How to Create Graphs for Similar Entity Search

We demonstrate the application of graphs for data analysis and similar entity searches based on the connections.

The interest in graph algorithms has increased tremendously as they are explicitly developed to gain insights from the connected data. Analytics on graphs can uncover the workings of sophisticated systems and networks on a massive scale for any organization.

Everything is driven by connections — from financial to social and biological processes. Explaining the patterns and the meaning behind these connections leads to breakthrough across industries. “You have a new friend suggestion” on facebook is a product of lots of algorithms applied on a social connection graph.

**What are Graphs?**

An example Graph

**Nodes:** They are the elements that represent an entity. Nodes can have various attributes (properties) associated with it.

**Relationships:** They represent connections between nodes. Relationships can also have attributes associated with them.

**Graphs:** They are a representation of data in terms of vertices (nodes) and edges (relationships) between them. Edges can be directed or undirected.

**SQL vs Graph Database:**

Relational Database (Person and Department tables)

In a Relational database, data is stored using tables. Any data related to one entity that can have multiple possible values (one-to-many/many-to-many relation) is stored using bridge tables. In the above case, Alice with id 815 is a part of multiple departments. This is represented using multiple records in a bridge table.

To find which departments Alice belongs to, we have to first search for Alice in a Person table, then look for her ID in a bridge table which will give 3 records. Using the ID’s we have to then get the name of the departments in which Alice belongs.

Graph representation of the relational database

In a graph database, we can find the node that represents Alice and then traverse all the BELONGS_TO relation to reach departments that Alice belongs to **(and a lot less table joins)**

**Let’s Create a Graph!?**

Food graph with multiple relationships.

This is a food graph created from this dataset. It contains information about restaurants in Bangalore city. This database is created using Neo4j graph database. A slice of data is available here.
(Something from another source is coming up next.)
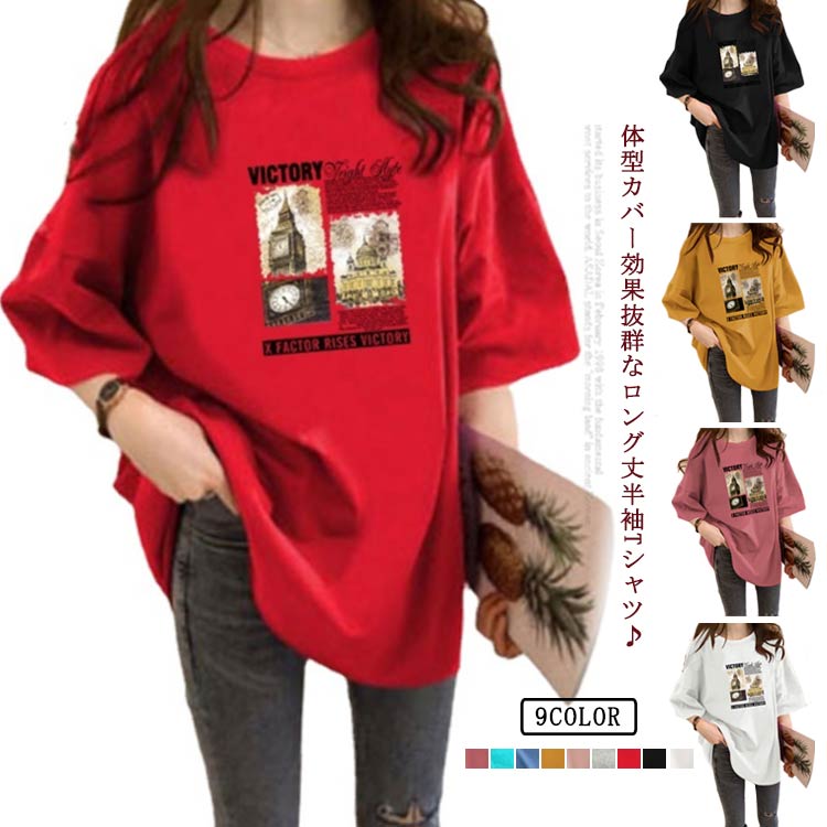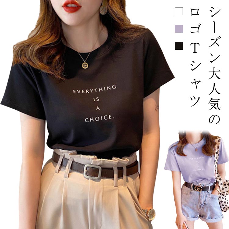 綿 レディース ゆるT ロゴTシャツ プリントTシャツ トップス ゆったり 透けにくい 透けない 春夏 ラウンドネック 丸首 半袖Tシャツ

The code and logic to create the graph is available in this repository.

This graph contains information about restaurants in Bangalore city. It contains 5 types of nodes: Restaurant, Dish, Cuisine, Location and Type(eg: Cafe, Bar). These nodes have 5 different relations among themselves:

- Fall Under (Restaurant ?Type) eg: Tea Villa Cafe will fall under Cafes
- Serves Cuisine (Restaurant ?Cuisine) eg: Udupi Delux restaurant serves South Indian Cuisine
- Serves Dish (Restaurant ?Dish) eg: Jashn Hyderabadi Bawarchi serves Chicken Biryani
- Famous For (Restaurant ? Dish) eg: Ottimo-ITC Gardenia is famous for Ravioli
- In Area (Restaurant ?Location) eg: Bathinda Junction is in Banashankari

**Food Insights**

- On average, a Restaurant in Bangalore serves 15 dishes with a few restaurants serving up to 500 dishes.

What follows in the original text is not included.